Names in Bold are those I'm predicting will be elected. Names in Italics are those I'm predicting will be removed from the ballot, either due to time (if this is the 15th and last year of eligibility) or because of a failure to receive 5% of the vote.

Tony Gwynn - 92%
Cal Ripken, Jr. - 85%

Jim Rice - 68% (64.8 / 59.5 / 54.5 / 52.2 / 55.1)
Goose Gossage - 66% (64.6 / 55.2 / 40.7 / 42.1 / 43)
Bert Blyleven - 62% (53.3 / 40.9 / 35.4 / 29.2 / 26.3)
Andre Dawson - 61% (61 / 52.3 / 50 / 50 / 45.3)
Jack Morris - 50% (41.2 / 33.3 / 26.3 / 22.8 / 20.6)
Lee Smith - 47% (45 / 38.8 / 36.6 / 42.3)
Mark McGwire - 35%
Steve Garvey - 34% (26 / 20.5 / 24.3 / 24.3 / 28.4)
Tommy John - 28% (29.6 / 23.8 / 21.9 / 23.4 / 26.9)
Alan Trammell - 16.5% (17.7 / 16.9 / 13.8 / 14.1 / 15.7)
Dave Parker - 15% (14.4 / 12.6 / 10.5 / 10.3 / 14)
Don Mattingly - 12.6% (12.3 / 11.4 / 12.9 / 13.7 / 20.3)
Dave Concepcion - 12% (12.5 / 10.7 / 11.3 / 11.1 / 11.9)
Harold Baines - 11.5%
Dale Murphy - 11% (10.8 / 10.5 / 8.5 / 11.7 / 14.8)
Orel Hershiser - 9% (11.2)
Albert Belle - 6% (7.7)
Jose Canseco - 5%
Bret Saberhagen - 2.5%
Paul O'Neill - 2%
Bobby Bonilla - 1%
Tony Fernandez - 1%
Jay Buhner - 0.5%
Eric Davis - 0.5%
Wally Joyner - 0.5%
Ken Caminiti - 0.2%
Dante Bichette - 0.2%
Devon White - 0.2%
Bobby Witt - 0%
Scott Brosious - 0%

5 Comments:

  • At Tue Jan 02, 03:59:00 PM , Anonymous James M. said...

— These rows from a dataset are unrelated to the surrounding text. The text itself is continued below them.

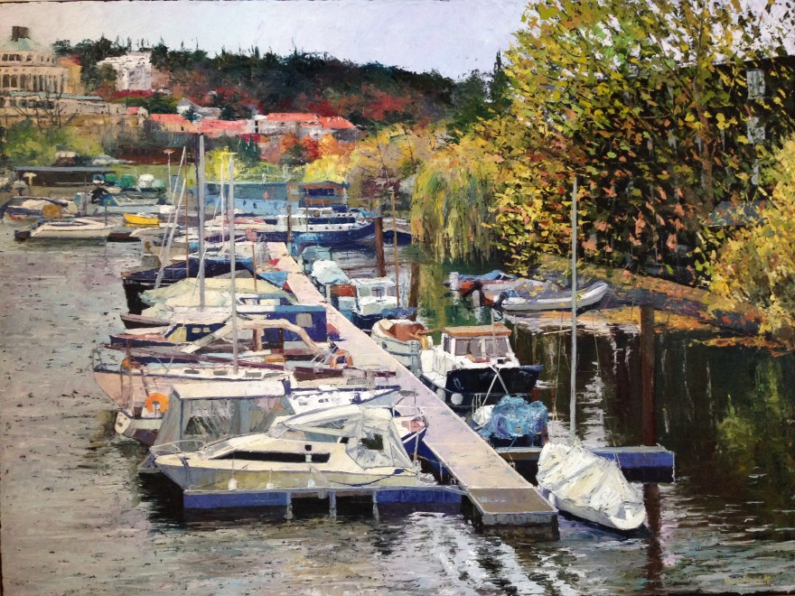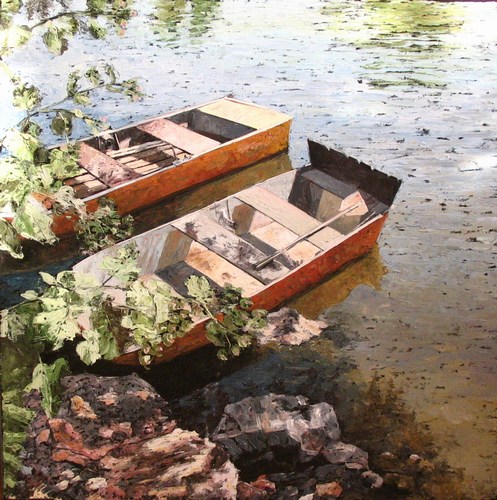 Boats on the river Vltava/ Lodičky na Vltavě 2005 (85×90 cm)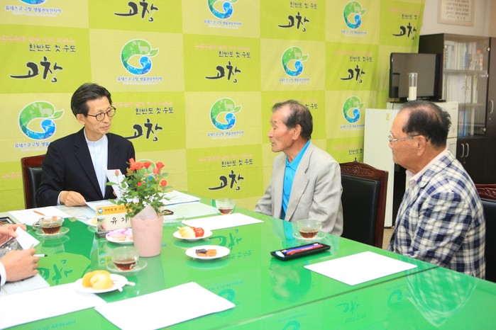 ▲유기상 군수가 22일 무장면을 찾아 민원인들을 만나고 있다.(고창군 제공) |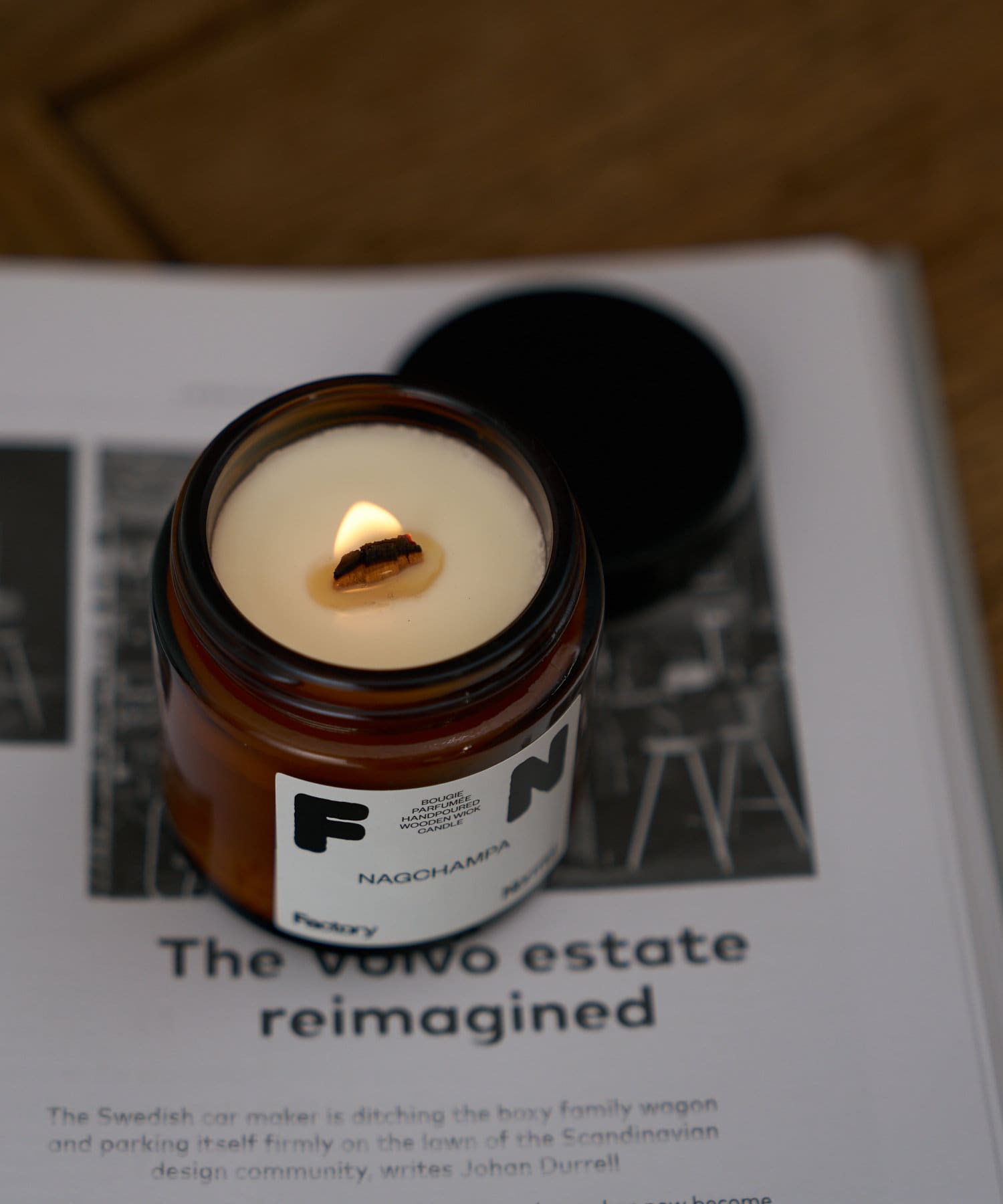 焚き火にインスパイアされた「パチパチ」と音を立てて燃える木製芯のキャンドル。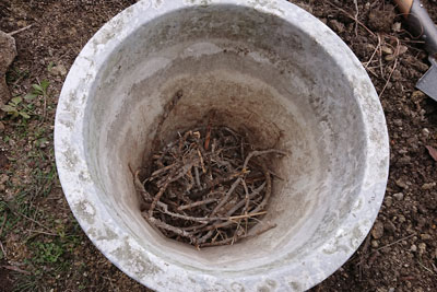 プラスチック植木鉢(残留物)の底に、笹の根を敷きました。白い菌糸がついていて発酵に役立ちそうなので。草刈りして放置してたもの。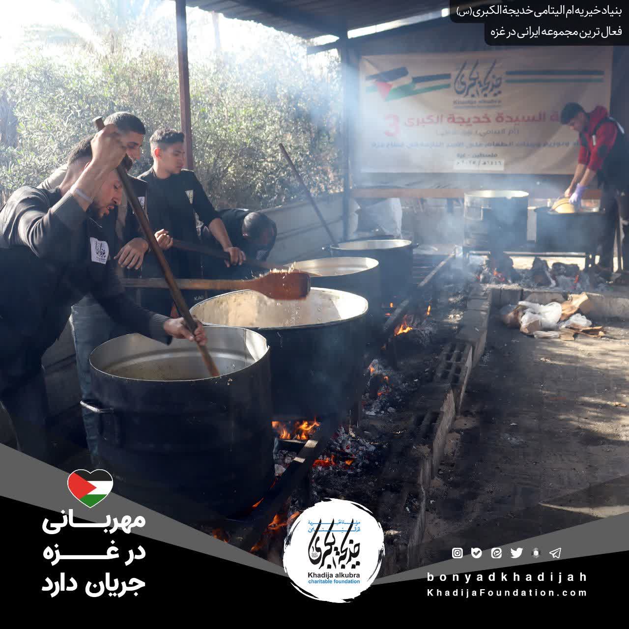 اطعام مردم مظلوم غزه توسط بنیاد خیریه امالیتامی خدیجة الکبری علیهاالسلام، هر روز بدون وقفه انجام میگردد.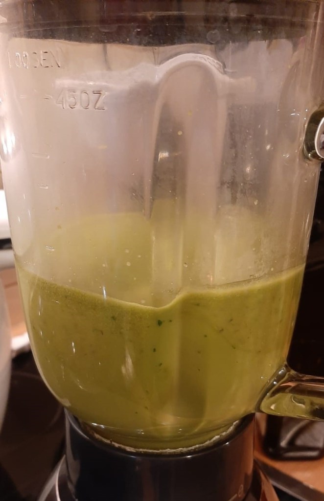 Nicht wundern, das Gemisch hat vor dem Abfiltern eher die Konsistenz von dünnem Brei… 😉

    Thanks for posting the historic percentages. Could you also show what the first year of eligibility was for each player? Is there any pattern to how a player that fails in Year 1 eventually gets in? I find it fascinating that Blyleven has already doubled his vote in the last 4 years and figures to substantially increase it again in 2007. I know there is a campaign on for him but that seems like a huge change in the collective opinion of him.

     
  • At Tue Jan 02, 04:37:00 PM , Blogger JST said...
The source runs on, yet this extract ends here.